I’m currently working on expanding and improving FLANN’s cuda support.
I have a line such as this:
thrust::transform(thrust::system::cuda::par.on(stream), id, id + knn*queries.rows, id, map_indices(thrust::raw_pointer_cast(&((*gpu_helper_->gpu_vind_))[0])));
I’ve similarly tried this:
thrust::transform(thrust::cuda::par.on(stream), id, id + knn*queries.rows, id, map_indices(thrust::raw_pointer_cast(&((*gpu_helper_->gpu_vind_))[0])));
That doesn’t seem to be performing synchronization on the passed in stream.

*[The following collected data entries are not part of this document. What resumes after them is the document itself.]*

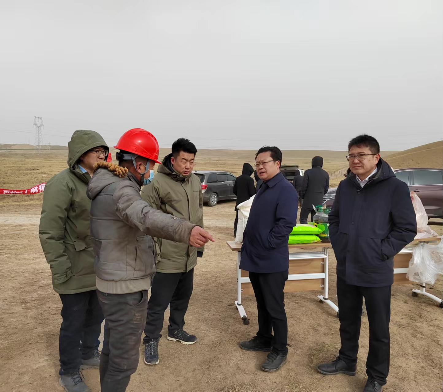 项目现场九0八公司地质勘探院副院长邢高哲对项目进展情况进行详细汇报,陕青海陕煤新能源科技有限公司董事长祝文军及相关领导对九0八公司工作给予较高肯定,详细询问野外人员健康情况、生活情况和存在的困难,嘱咐一线野外人员保重身体、注意防寒保暖和工作安全,并希望九0八公司在后期工作中能继续保持优良的工作状态,再接再厉做到更好,真诚协作,开拓进取的共赢氛围!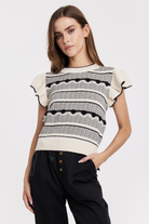 RUFFLE SLEEVE STRIPE SWEATER TOP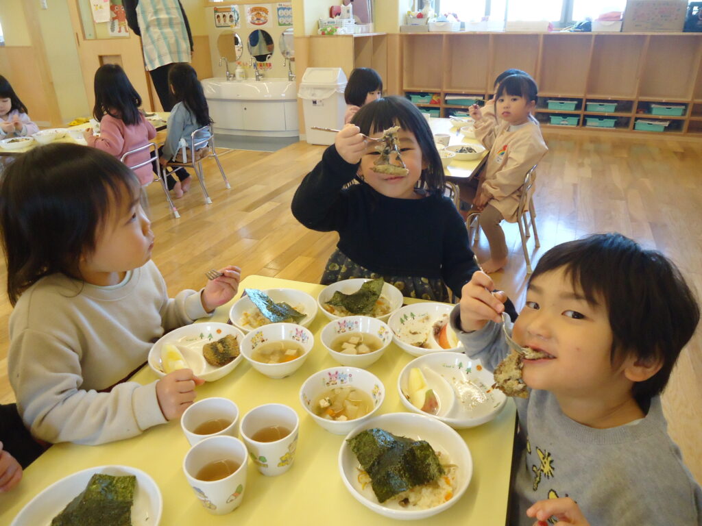 そして、おまちかねの給食は・・・・自分で巻く恵方巻といわしの香草焼きとけんちん汁!!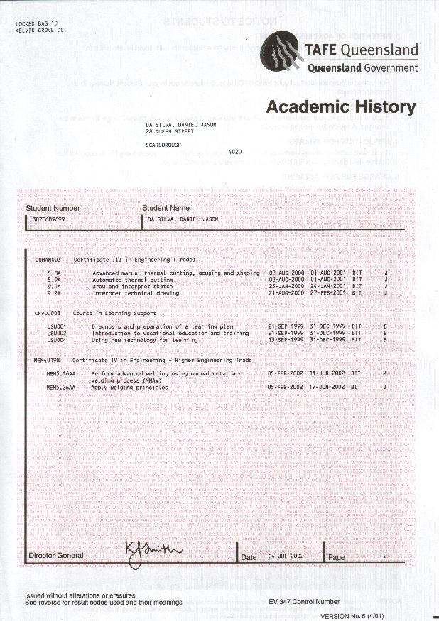 Academic Qualifications The following are the specific units which I have studied an successfully achieved accreditation towards.
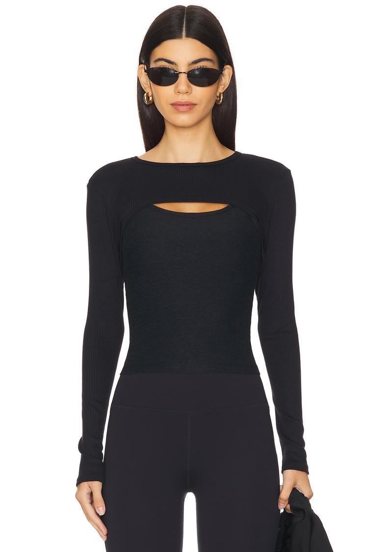 Effortless layering defines this minimalist black shrug crafted from a soft modal-elastane blend. Featuring a close fit and long sleeves with a classic round neckline, it offers waist-length coverage ideal for transitional weather. The subtle cutout detail at the front adds a contemporary twist to this ribbed jersey piece. Perfect for casual outings, loungewear comfort, or travel ease, it pairs seamlessly with a variety of looks, delivering both style and versatility in one sleek silhouette.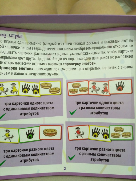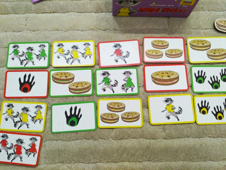 Лапы вверх - подарили год назад, попробовали , то ли не поняли то ли игра странная не играли больше. Сейчас тоже самое. В игре нужно выкладывать карты и собирать сеты: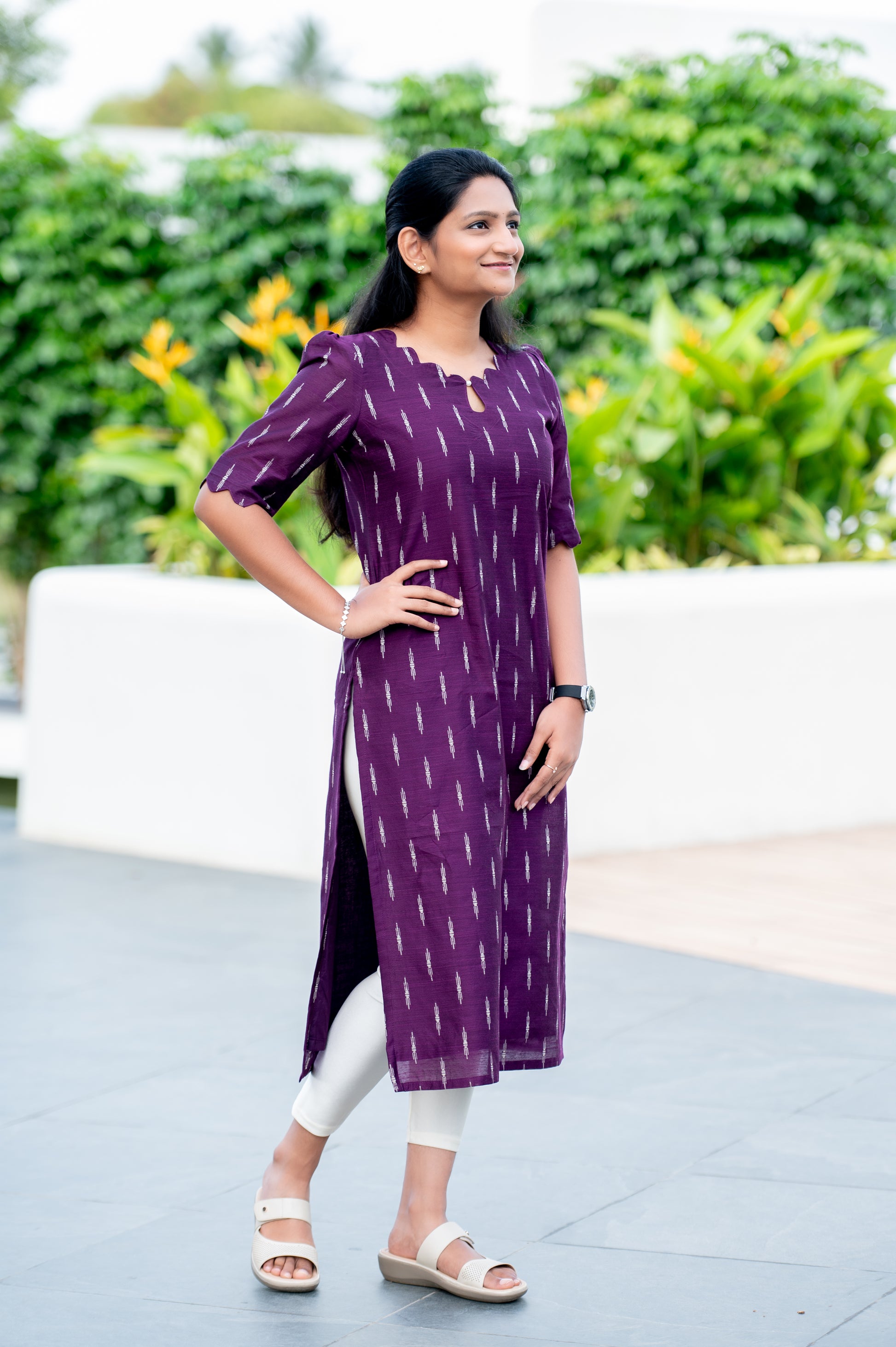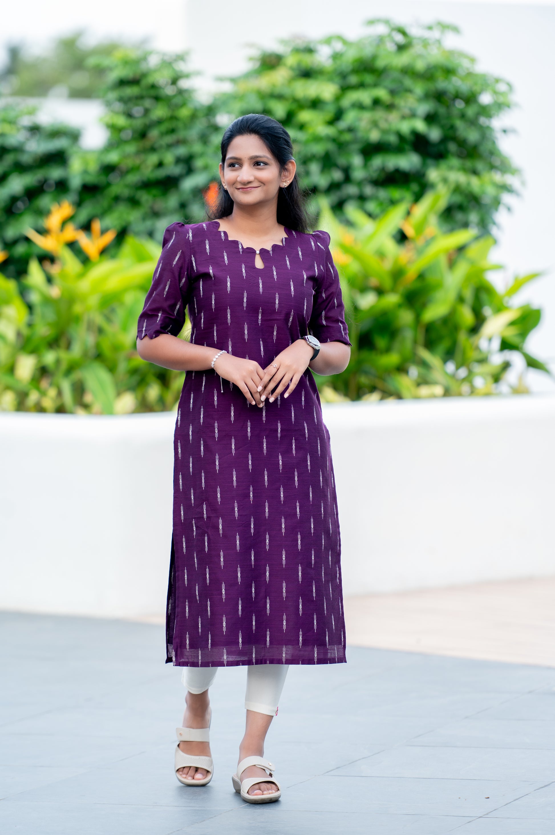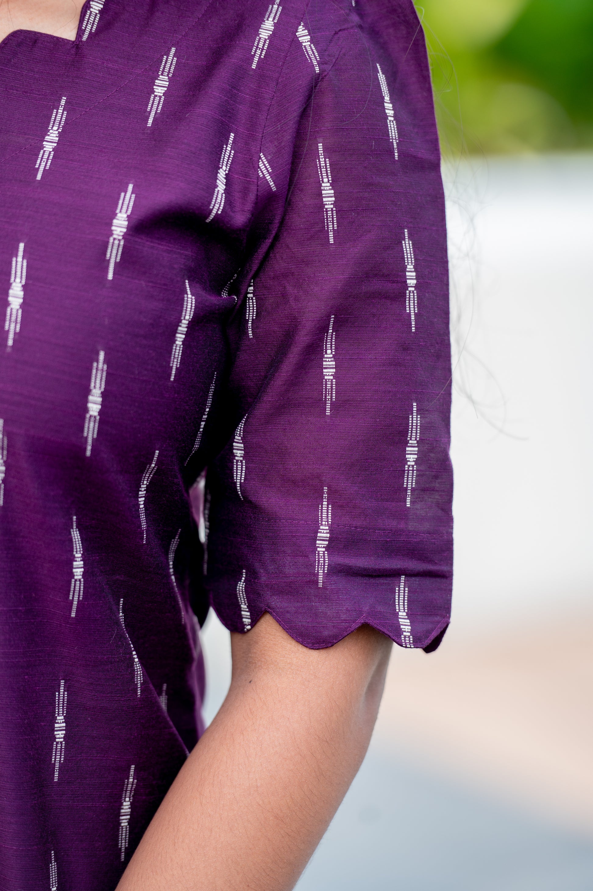 This stunning purple kurti features a charming ikat-style print and a unique scalloped neckline, offering an effortlessly chic yet traditional look. The breathable fabric and simple design make it perfect for casual gatherings or a day out with friends.

If I break my execution in thrust::system::detail::cuda::bulk_::detail::synchronize, and then examine my stack, I find that async_in_stream is called from:
(async.inl: 88)
template<typename ExecutionGroup, typename Closure>
host device
future async(ExecutionGroup g, Closure c)
{
return bulk::detail::async_in_stream(g, c, 0, 0);
} // end async()
instead of:
(async.inl: 97)
template<typename ExecutionGroup, typename Closure>
host device
future async(async_launch launch, Closure c)
{
return launch.is_stream_valid() ?
bulk::detail::async_in_stream(launch.exec(), c, launch.stream(), launch.before_event()) :
bulk::detail::async(launch.exec(), c, launch.before_event());
} // end async()
Thus everything is being launched on the null stream and synchronized on it as well.
It is apparent that the intention is to execute on the given stream, but it seems to not be happening.